Why another benchmark blog?

As engineers, we are skeptical of performance benchmarks developed and published by software vendors. Most of the time such benchmarks are biased towards the company’s own product in comparison to other vendors. Any reported advantage may be the result of selecting a specific use case better handled by the product or using optimized configuration for one’s own product compared to out of the box configuration for other vendors’ products.

So, why another blog on the topic? The reason I decided to write this blog is to explain the rationale behind DataTorrent’s effort to develop and maintain a benchmark performance suite, how the suite is used to certify various releases, and seek community opinion on how the performance benchmark may be improved.

Note: the performance numbers given here are only for reference and by no means a comprehensive performance evaluation of Apache APEX; performance numbers can vary depending on different configurations or different use cases.

Benchmark application.

To evaluate the performance of the Apache APEX    platform,  we use Benchmark application that has a simple DAG with only two operators. The first operator (wordGenerator) emits tuples and the second operator (counter) counts tuples received. For such trivial operations, operators add minimum overhead to CPU and memory consumption allowing measurement of Apache APEX  platform throughput. As operators don’t change from release to release, this application is suitable for comparing the platform performance across releases.

Tuples are byte arrays with configurable length, minimizing complexity of tuples serialization and at the same time allowing examination of  performance of the platform against several different tuple sizes. The emitter (wordGenerator) operator may be configured to use the same byte array avoiding the operator induced garbage collection. Or it may be configured to allocate new byte array for every new tuple emitted, more closely simulating real application behavior.

The consumer (counter) operator collects the total number of tuples received and the wall-clock time  in milliseconds passed between begin and end window. It writes the collected data to the log at the end of every 10th window.

The data stream (Generator2Counter) connects the first operator output port to the second operator input port. The benchmark suite exercises all possible configurations for the stream locality:

  • thread local (THREAD_LOCAL) when both operators are deployed into the same thread within a container effectively serializing operators computation;
  • container local (CONTAINER_LOCAL)  when both operators are deployed into the same container and execute in two different threads;
  • node local (NODE_LOCAL)[1]  when operators are deployed into two different containers running on the same yarn node;
  • rack local (RACK_LOCAL)[2]  when operators are deployed into two different containers running on yarn  nodes residing on the same rack
  • no locality when operators are deployed into two different containers running on any hadoop cluster node.

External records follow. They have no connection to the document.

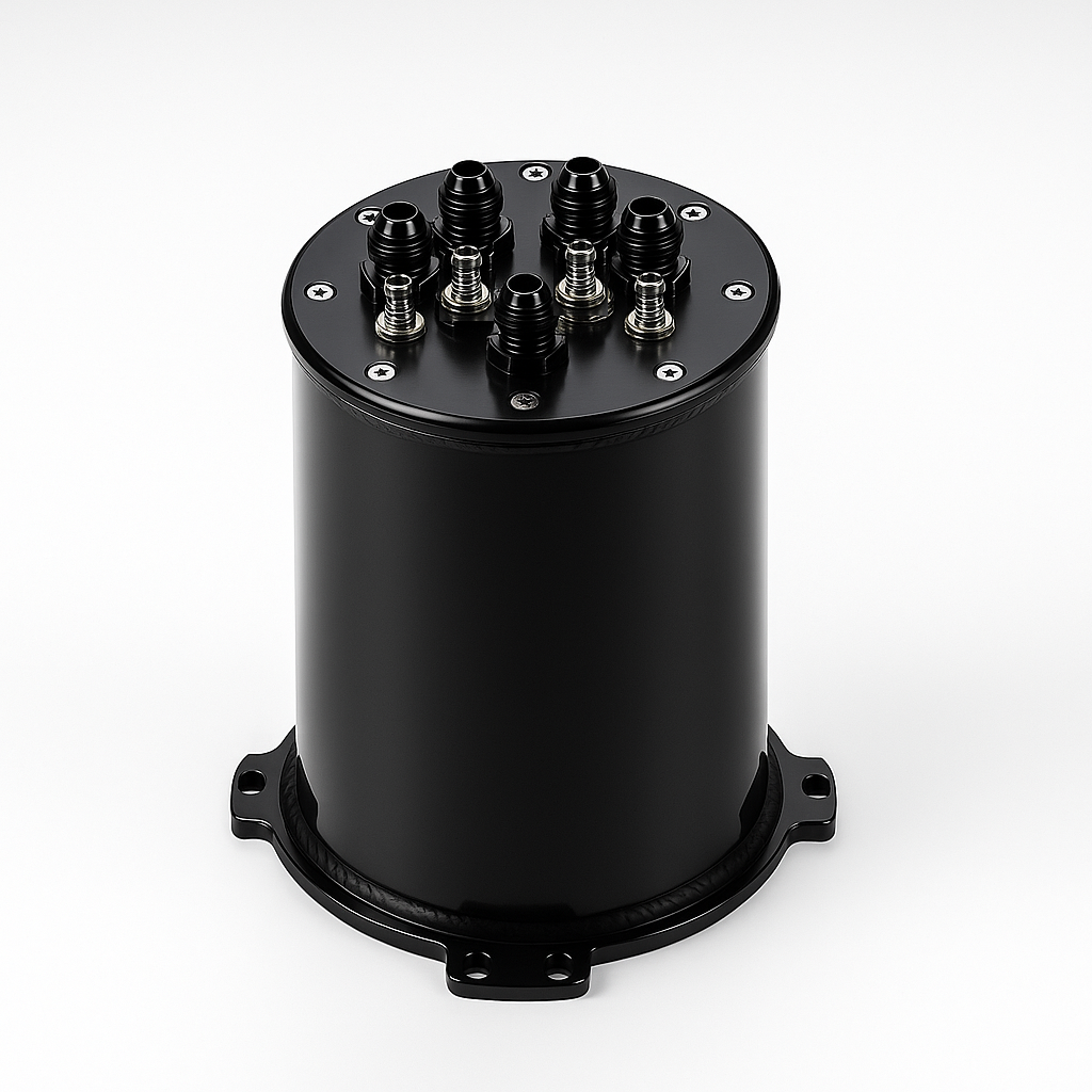 3L catch tank for internal fuel pumps, E85 approved. 5× AN8 connections, low pump placement, for 1–2 pumps (Walbro/AEM/DW).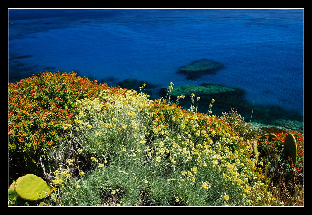 Molto bello il contrasto dei colori il blu del mare e la flora. Ottimo scatto. ciao |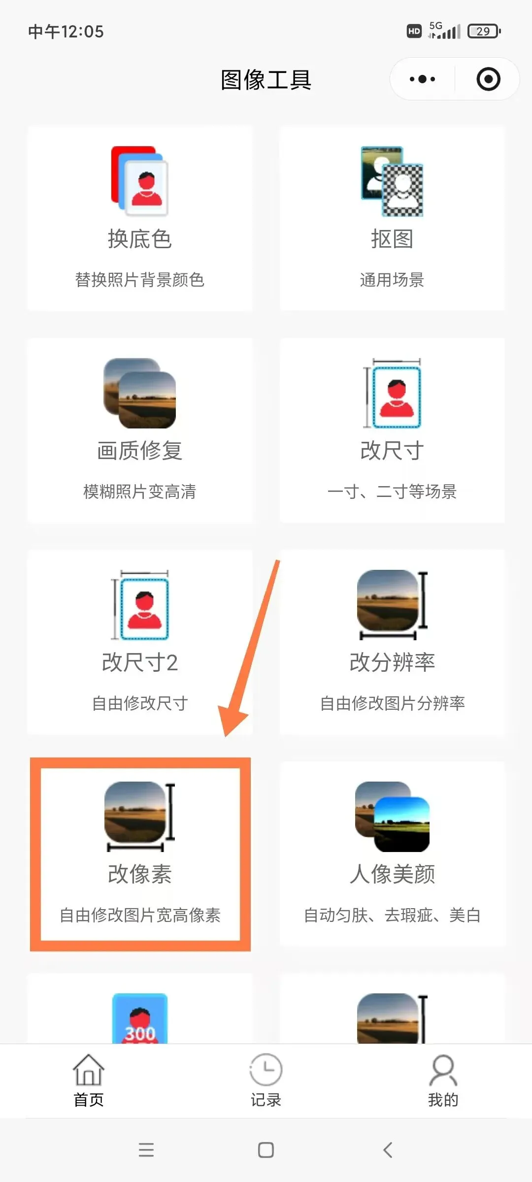 2.点进入首页之后,如果你的照片不满足底色要求,可以先改底色,然后再进入“改像素”页面。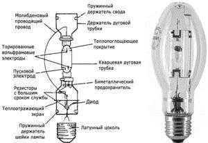 Конструкція лампочок МГЛ включає в себе кілька основних компонентів. До них відносяться: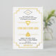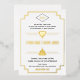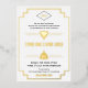Monogrammed black, gold, and white art deco retro pattern wedding invitations. A 1920s style invitation. The design features a black, gold and white colour palette and motifs inspired by the art deco style.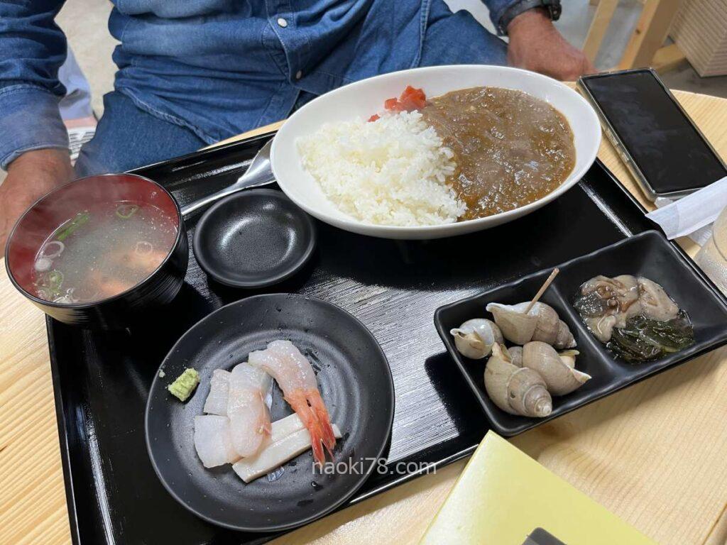 カレーにも小鉢や刺身まで付いてきたのは嬉しい。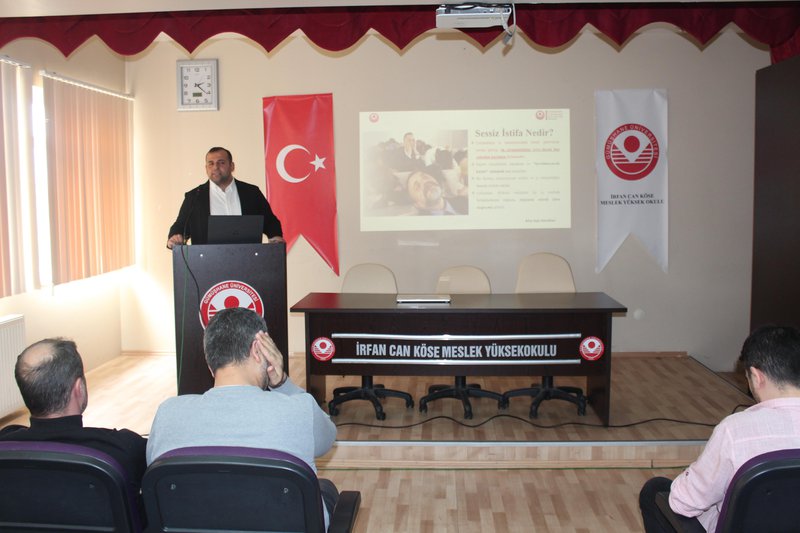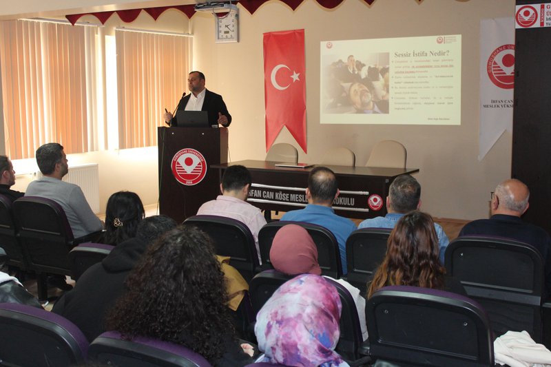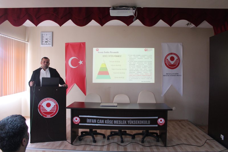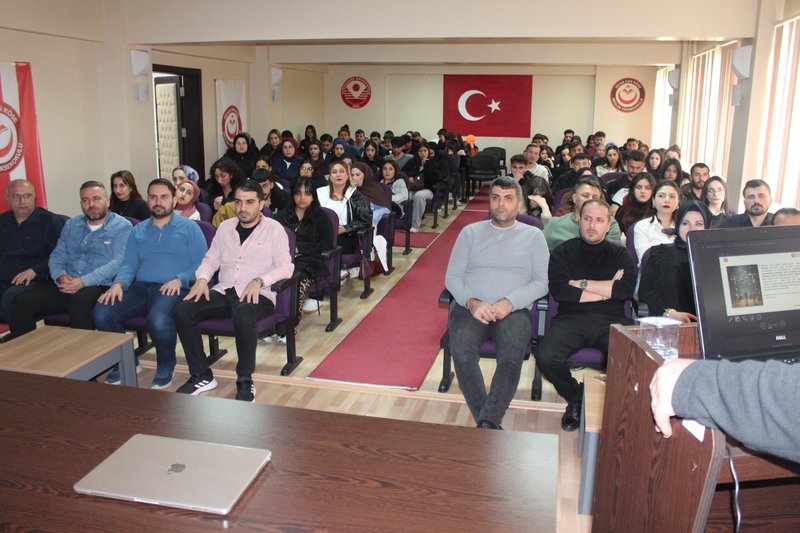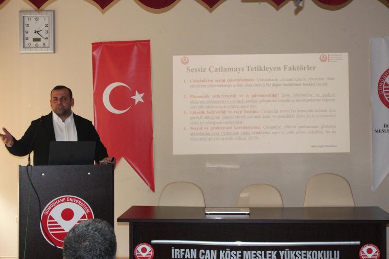 14 Nisan 2026 tarihinde saat 14.00’te Meslek Yüksekokulu konferans salonunda gerçekleştirilen programa akademik ve idari personelin yanı sıra çok sayıda öğrenci katılım sağladı. Programda, kurumsal iletişimin önemi, bu süreçte dikkat edilmesi gereken temel ilkeler ile sağlıklı yürütülmeyen iletişim süreçlerinin ortaya çıkardığı “sessiz istifa” ve “sessiz çatlama” kavramları ele alındı. Ayrıca, kurumsal yönetimlerin ve çalışanların nasıl bir yol izlemeleri gerektiğine ilişkin çözüm önerileri paylaşıldı. Dünyada ve Türkiye’de gerçekleştirilen araştırmalardan elde edilen bulgular doğrultusunda, söz konusu sorunların birçok çalışan tarafından deneyimlendiği ve kurumların bu konulara daha duyarlı yaklaşmasının önem taşıdığı vurgulandı.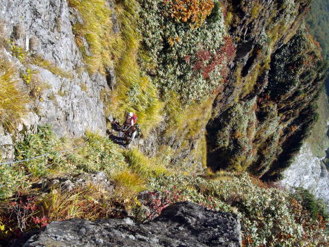 核心部の上、40mの濡れた凹角を登ると草付テラス(写真)にでます。ここにもハンガーボルトが。さらに悪い草付を2ピッチ登って終了しました。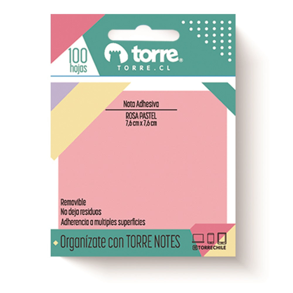La nota adhesiva de color rosa pastel de la marca torre son ideales para dejar notas en diversos lugares, además no deja residuos.

Apache APEX release performance certification

The benchmark application is a part of Apache APEX release certification. It is executed on DataTorrent’s development Hadoop cluster by an automated script that launches the application with all supported Generator2Counter  stream localities and 64, 128, 256, 512, 1024, 2048 and a tuple byte array length of 4096. The script collects the number of tuples emitted, the number of tuples processed and the counter  operator latency for the running application and shuts down  the application after it runs for 5 minutes, whereupon it moves on to the next configuration. For all configurations, the script runs between 6 and 8 hours depending on the development cluster load.

Benchmark results

As each supported stream locality has distinct performance characteristics (with exception of rack local and no locality due to the development cluster being setup on a single rack), I use a separate chart for each stream locality.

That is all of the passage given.